Quel était le chiffre de la population à Ludon au XVIIème siècle ? Il est impossible de répondre à cette question autrement que par des probabilités, car aucun document ne donne des précisions à ce sujet. Il est curieux de constater que nous n'avons aucun renseignement officiel sur la population des paroisses avant les états par généralités dressés en 1770.

Nous relevons toutefois, dans les catalogues établis par les curés, 579 noms de confessés à Pâques en 1647, 453 en 1657 et 490 en 1630. On peut estimer que ces chiffres représentent les deux tiers de la population et en conclure que le nombre des habitants à Ludon variait, au cours du XVIIème siècle, entre 700 et 800 âmes.

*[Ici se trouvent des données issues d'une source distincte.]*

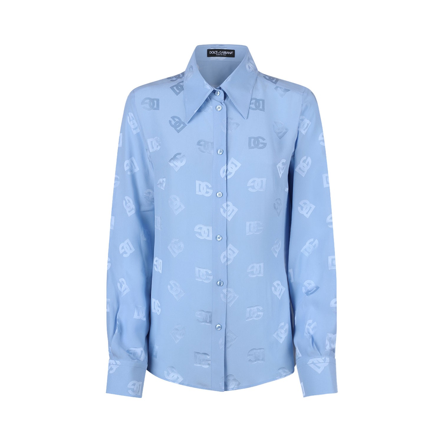 Dolce & Gabbana Jacquard Silk Shirt. Light blue jacquard silk satin shirt with allover DG logo, long sleeves, slim fit, button fastening with logoed bottom.
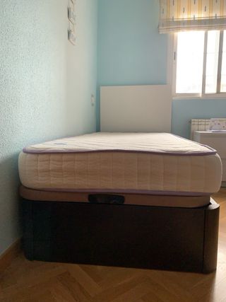 Se vende conjunto de cama compuesto por canapé y colchón. No comprado en tienda lowcost. - Canapé con base de tela y estructura de plástico. - Colchón con tejido de grafeno.
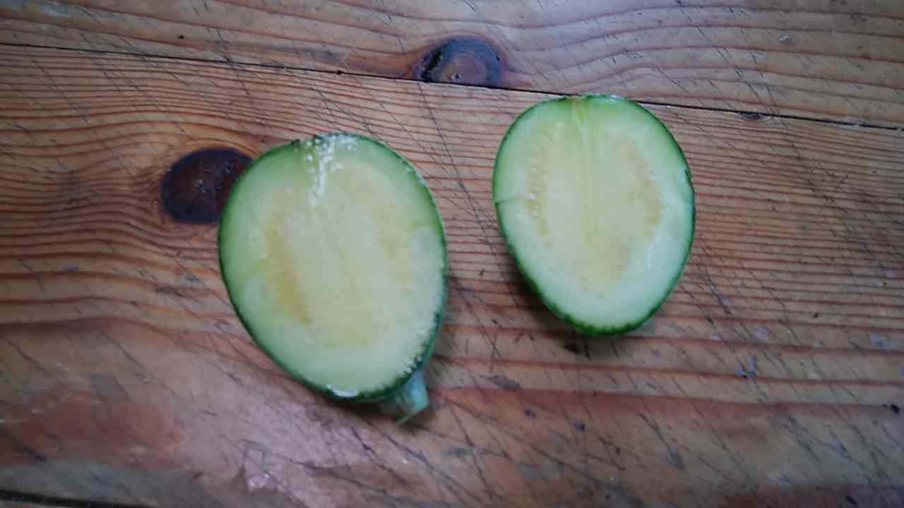 割ってみても 中もまだ青い。
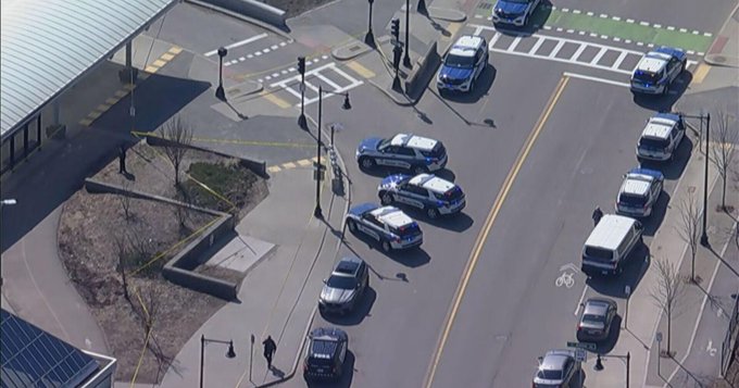 Video posted online showed more than a dozen police vehicles and at least two ambulances outside the station. Officers could be seen standing behind yellow police tape cordoning off a wide area outside the station entrance.
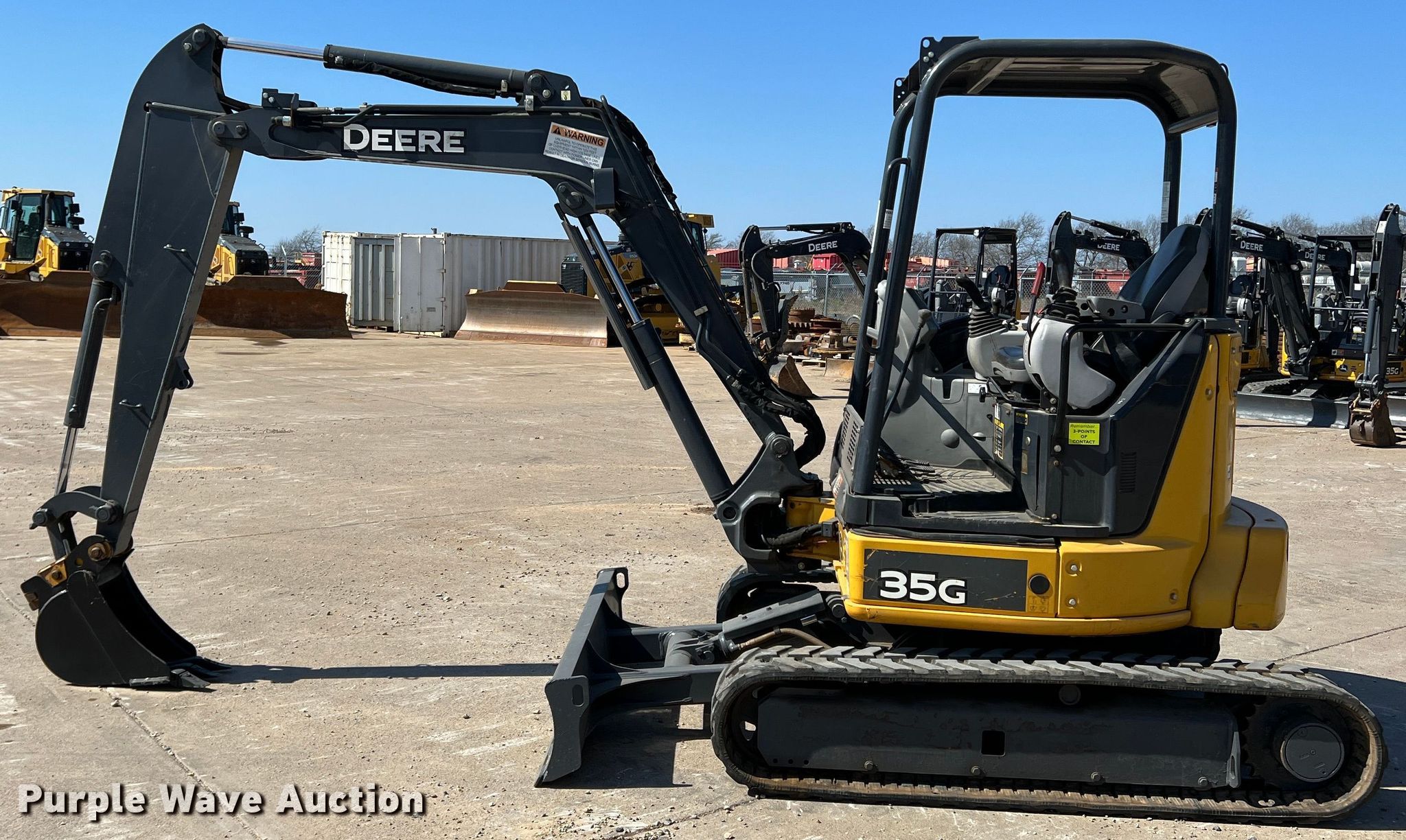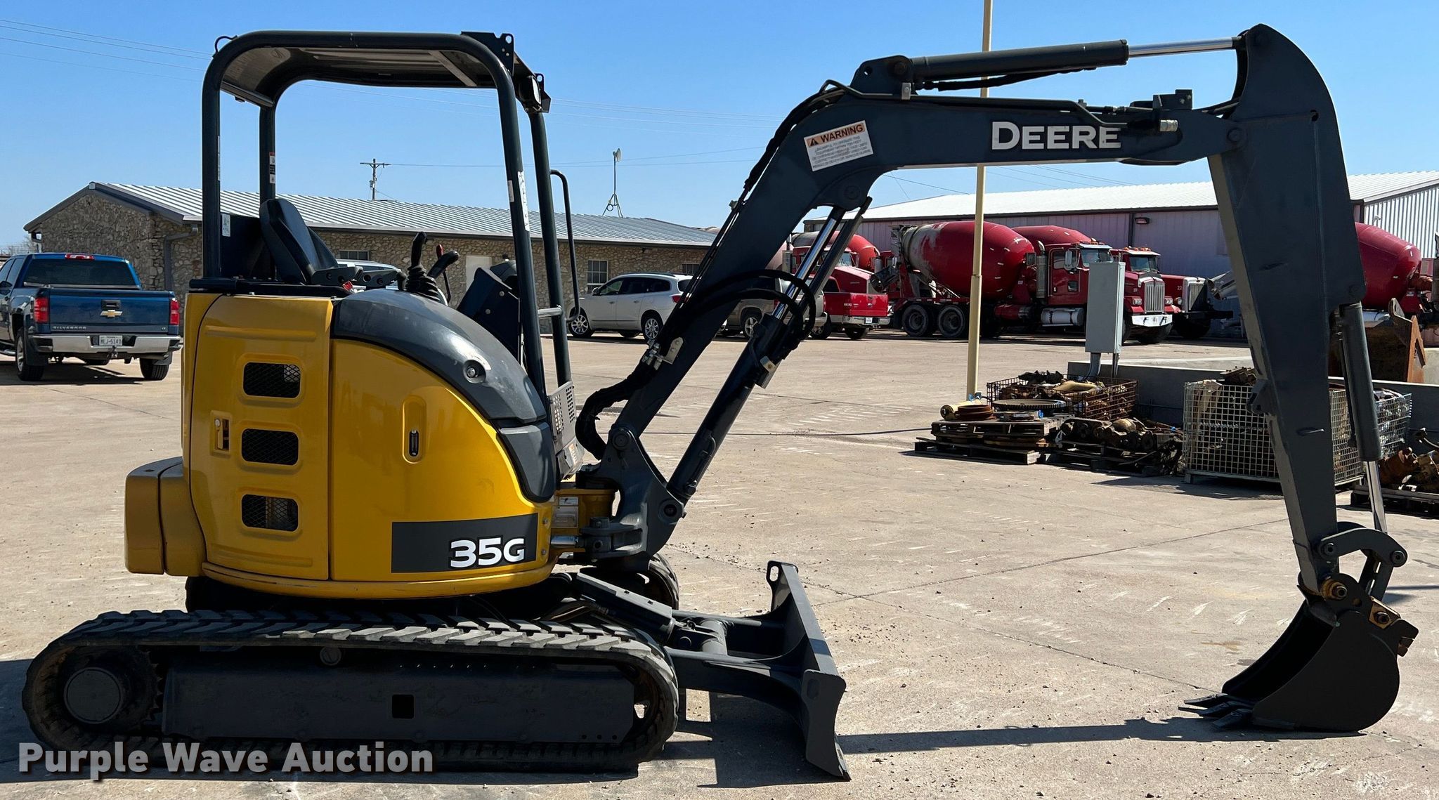 Purple Wave is selling a used Mini Excavator in Texas. This item is a 2019 John Deere 35G mini excavator with the following: Hours: 2,106 on meter, Serial: 1FF035GXEJK284928

Les naissances sont quatre et cinq fois plus nombreuses que de nos jours. Le chiffre des baptêmes oscille entre quarante et cinquante chaque année ; il est même parfois plus élevé. Par contre, les décès sont également très nombreux. Ils atteignent le chiffre formidable de 70 en l'année 1661, dont 27 enfants en bas-âge. La mortalité infantile est effrayante, l'hygiène du nouveau-né et de la mère est inexistante. Le curé est appelé constamment auprès de l'accouchée; c'est encore le meilleur moyen d'éviter d'arriver trop tard pour administrer les sacrements en cas de décès : le 26 janvier 1650, un fils d'Arnault, « baptisatus in ventre matris sui, brachio exterius vivo apparito, deinde mortuus extractus », a été enterré dans l'église en la sépulture de son père par moy. » Signé Amelin, curé de Ludon.

Par ailleurs, on ne vit pas vieux à Ludon. La courbe des décès est étrangement basse, les vieillards sont rares dans le pays. On a calculé que la durée de la vie moyenne était d'environ 27 ans, alors qu'elle dépasse aujourd'hui 40. Il faut qu'il y ait des causes profondes pour qu’hommes et femmes meurent ainsi d'une façon générale avant cinquante ans. Très vraisemblablement, le paludisme et les fièvres engendrées par les marais anémiaient la population et lui enlevaient toute force de résistance à la maladie et aux épidémies, mais, à coup sûr, la grande infériorité de cette époque est un manque d'hygiène absolu.

Paul Duchesne, La chronique de Ludon en Médoc, Rousseau frères, Bordeaux, 1960, p.64-75.